The last top figures of his ousted regime, Gaddafi’s son Saif al-Islam and former intelligence chief Abdullah al-Senussi, meanwhile, were poised to cross the border into Niger.
Saif al-Islam was “near the Niger border, he hasn’t entered Niger yet but he’s close”, a local official from the northern Niger Agadez region said.
A Misrata military council member said Gaddafi was buried on Monday night in a religious ceremony, along with another of his sons, Mutassim and former defence minister Abu Bakr Yunis Jaber.
The bodies had been put on display in a market freezer on the outskirts of Misrata, with thousands of Libyans queuing up since Friday to view and photograph them.
According to guards at the entrance to the market, a convoy of four or five military vehicles took the bodies away to an unknown location, being kept secret to avoid the site turning into a rallying point for Gaddafi supporters.
Three Muslim religious figures loyal to the ousted dictator prayed and performed a religious ceremony before the burial, according to the military council member.
The overnight burials come amid raging controversy over the circumstances of Gaddafi’s death after he was taken alive last Thursday during the fall of his hometown Sirte, the last hold out after an eight-month armed revolt.
Libya’s interim leader Mustafa Abdel Jalil said on Monday that a commission of inquiry is to probe the strongman’s killing after concerns raised by foreign governments and rights group.
Disquiet has grown internationally over how Gaddafi met his end after NTC fighters hauled him out of a culvert where he was hiding following NATO air strikes on the convoy in which he had been trying to flee his falling hometown.
Mobile phone videos show him still alive at that point.
Libya’s interim prime minister Mahmud Jibril has said an autopsy report showed Gaddafi was killed in “crossfire from both sides.”
On the political and military front, the NTC said it wants NATO to extend its mission in the north African country.
“I ask NATO to remain at least for another month,” said interim oil and finance minister Ali Tarhuni, four days after the military alliance announced plans to end its seven-month mission on October 31.
North Atlantic Treaty Organisation ambassadors are scheduled to meet on Wednesday to make a formal decision on a preliminary agreement on the end of the mission.
Meanwhile a fuel tank exploded in Sirte late on Monday killing more than 100 people, NTC military commander Leith Mohammed said.
“There was an enormous explosion and a huge fire.

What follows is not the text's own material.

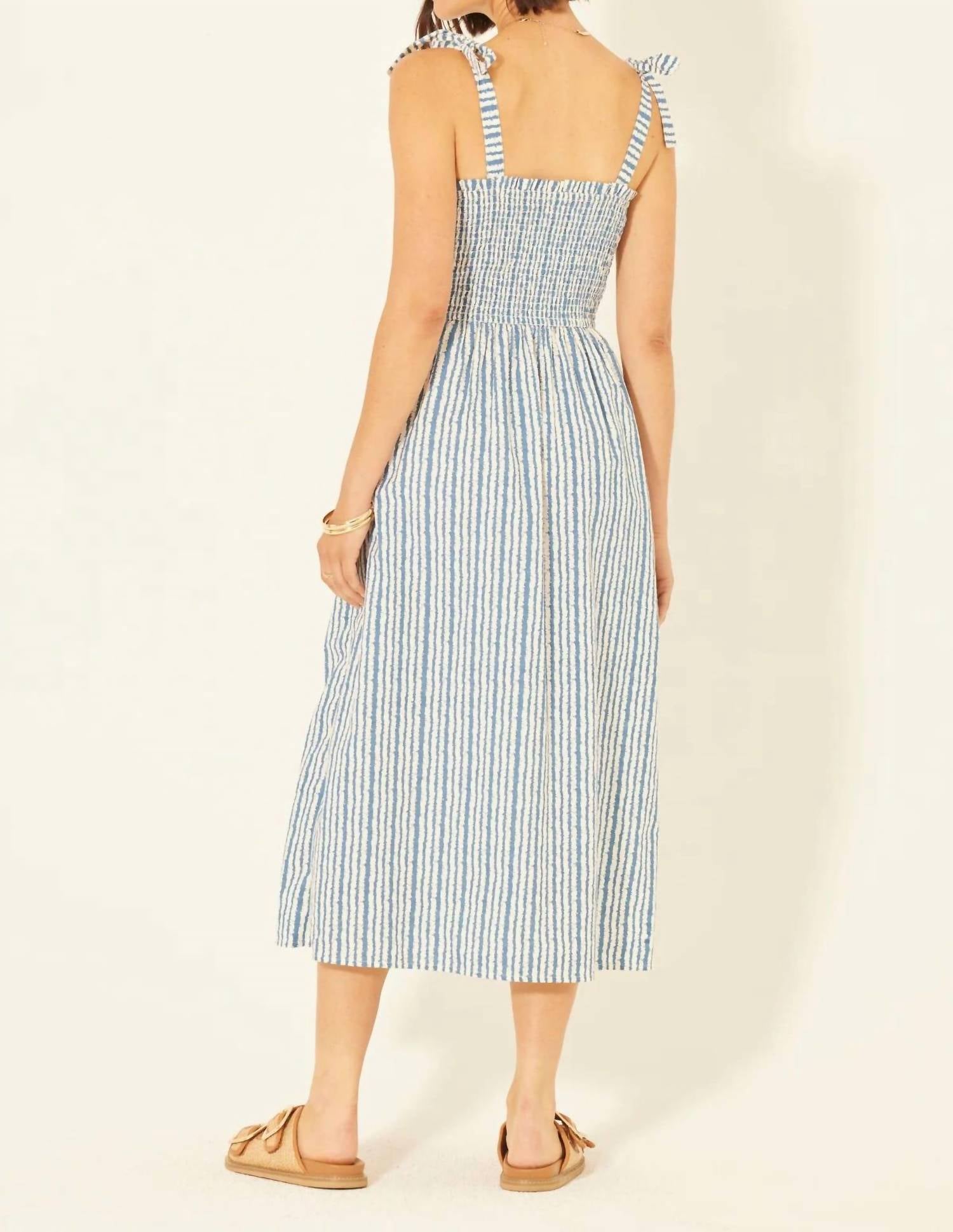 A midi dress so versatile, your options for wearing it are endless. Introducing the Lindsay Midi Dress by BILA77, a perfect blend of style and comfort for your summer wardrobe. This sleeveless dress is crafted from 100% BCI Cotton and features a flattering A-line silhouette in a striking Blue Jasper stripe pattern. Designed with a squareneck and tie closure, it embodies boho chic elegance suited for vacation getaways. Care: Hand wash for long-lasting wear.

More than 100 people were killed and 50 others wounded,” he said. The scene was “a heart wrenching spectacle with dozens of charred bodies”.
The accidental explosion, apparently caused by a spark from a nearby electricity generator, happened as a crowd of people waited near the fuel tank to fill up their cars.
Some of the victims had returned to the town to inspect the damage to their properties, the NTC commander added.
Some of Sirte’s residents, who numbered 120,000 before the conflict, have returned to salvage the remains of their personal belongings. But few are expected to stay.